In the records below, the lines between the one holding "第四步:当G150发生故障或者报警时,打开故障或者报警记录:Main menu\fault memory" and the one holding "Brian Salomone’s total", inclusive, are to be transcribed exactly; no pictures are to be included.

### [Material to process]

##############################

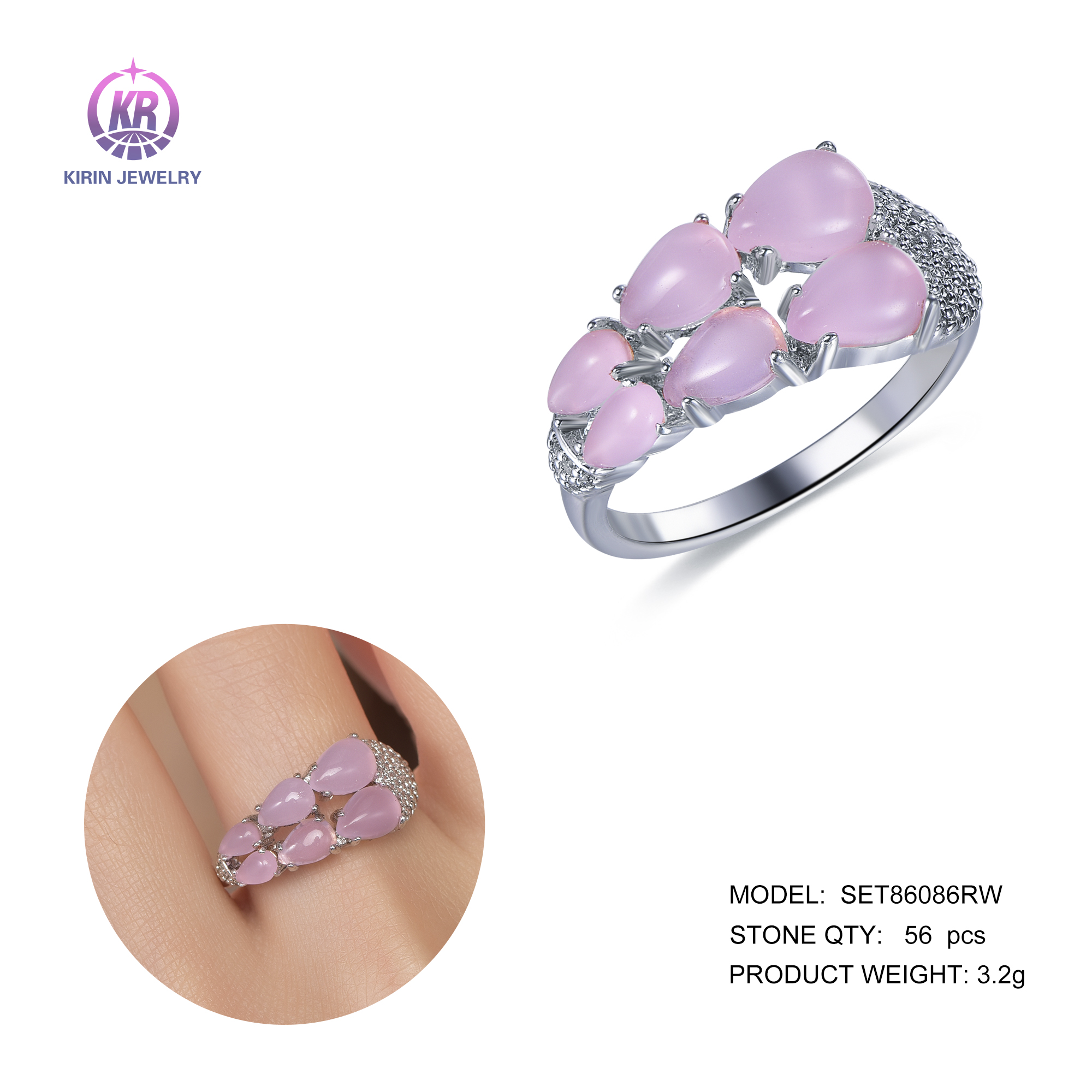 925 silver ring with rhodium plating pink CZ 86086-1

##############################

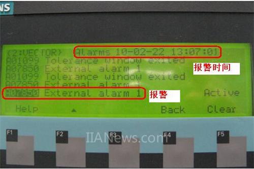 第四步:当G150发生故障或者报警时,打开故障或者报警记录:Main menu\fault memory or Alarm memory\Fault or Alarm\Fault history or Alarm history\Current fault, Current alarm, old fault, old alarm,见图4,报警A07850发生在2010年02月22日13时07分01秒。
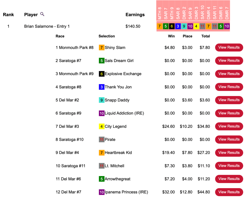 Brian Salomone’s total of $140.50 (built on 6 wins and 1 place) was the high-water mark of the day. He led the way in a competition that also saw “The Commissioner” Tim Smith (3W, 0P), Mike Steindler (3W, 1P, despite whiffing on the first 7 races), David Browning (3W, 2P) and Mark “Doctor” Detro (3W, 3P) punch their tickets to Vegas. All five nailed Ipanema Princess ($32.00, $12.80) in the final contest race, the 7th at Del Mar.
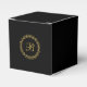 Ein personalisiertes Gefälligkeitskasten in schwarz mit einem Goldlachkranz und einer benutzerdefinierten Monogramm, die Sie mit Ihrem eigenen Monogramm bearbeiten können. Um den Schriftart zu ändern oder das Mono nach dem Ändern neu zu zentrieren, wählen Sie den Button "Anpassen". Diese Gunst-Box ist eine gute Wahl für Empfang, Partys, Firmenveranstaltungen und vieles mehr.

##############################

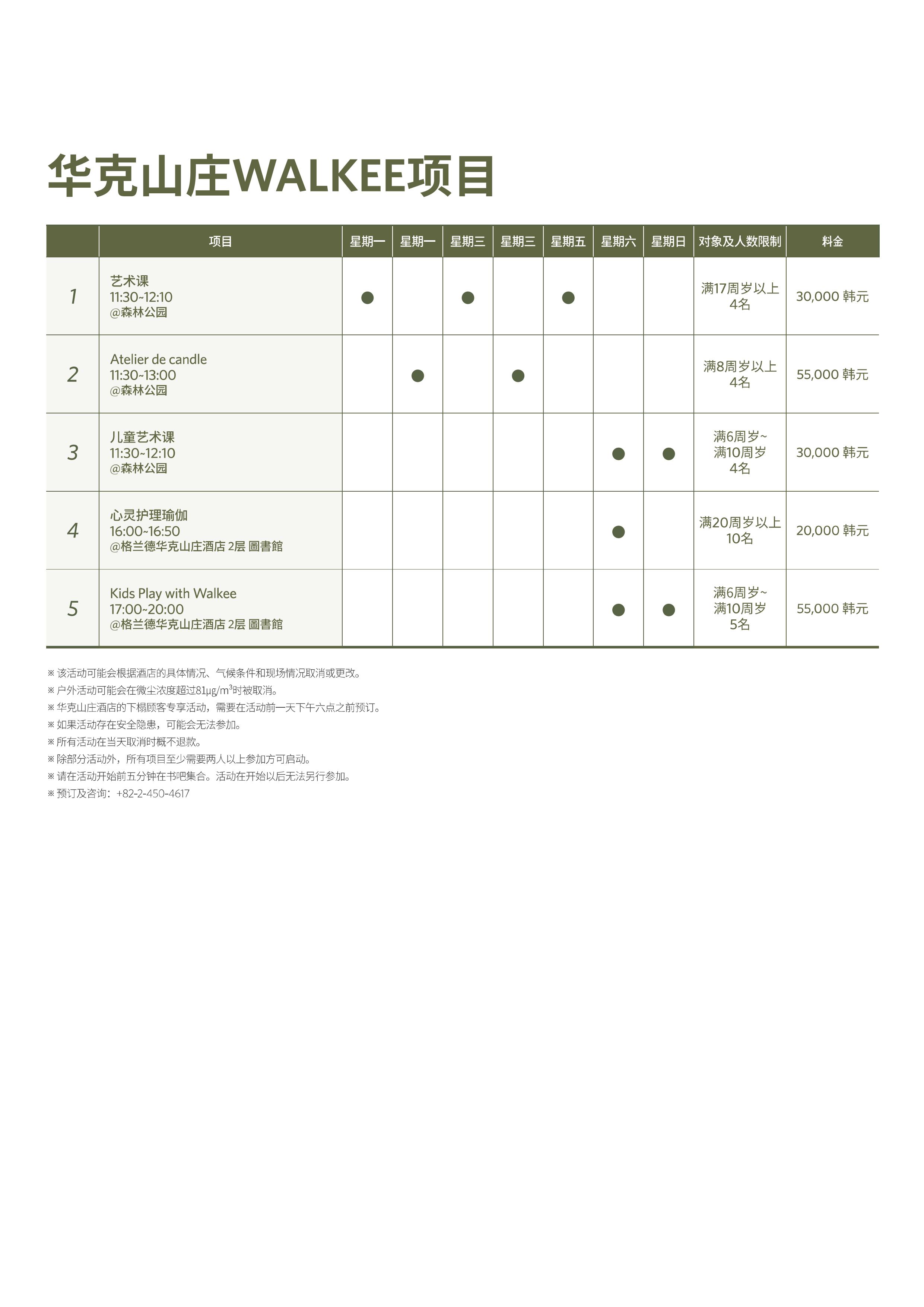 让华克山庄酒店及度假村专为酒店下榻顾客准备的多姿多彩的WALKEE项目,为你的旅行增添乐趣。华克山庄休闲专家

##############################

### [Problem solution]
 第四步:当G150发生故障或者报警时,打开故障或者报警记录:Main menu\fault memory or Alarm memory\Fault or Alarm\Fault history or Alarm history\Current fault, Current alarm, old fault, old alarm,见图4,报警A07850发生在2010年02月22日13时07分01秒。
 Brian Salomone’s total of $140.50 (built on 6 wins and 1 place) was the high-water mark of the day. He led the way in a competition that also saw “The Commissioner” Tim Smith (3W, 0P), Mike Steindler (3W, 1P, despite whiffing on the first 7 races), David Browning (3W, 2P) and Mark “Doctor” Detro (3W, 3P) punch their tickets to Vegas. All five nailed Ipanema Princess ($32.00, $12.80) in the final contest race, the 7th at Del Mar.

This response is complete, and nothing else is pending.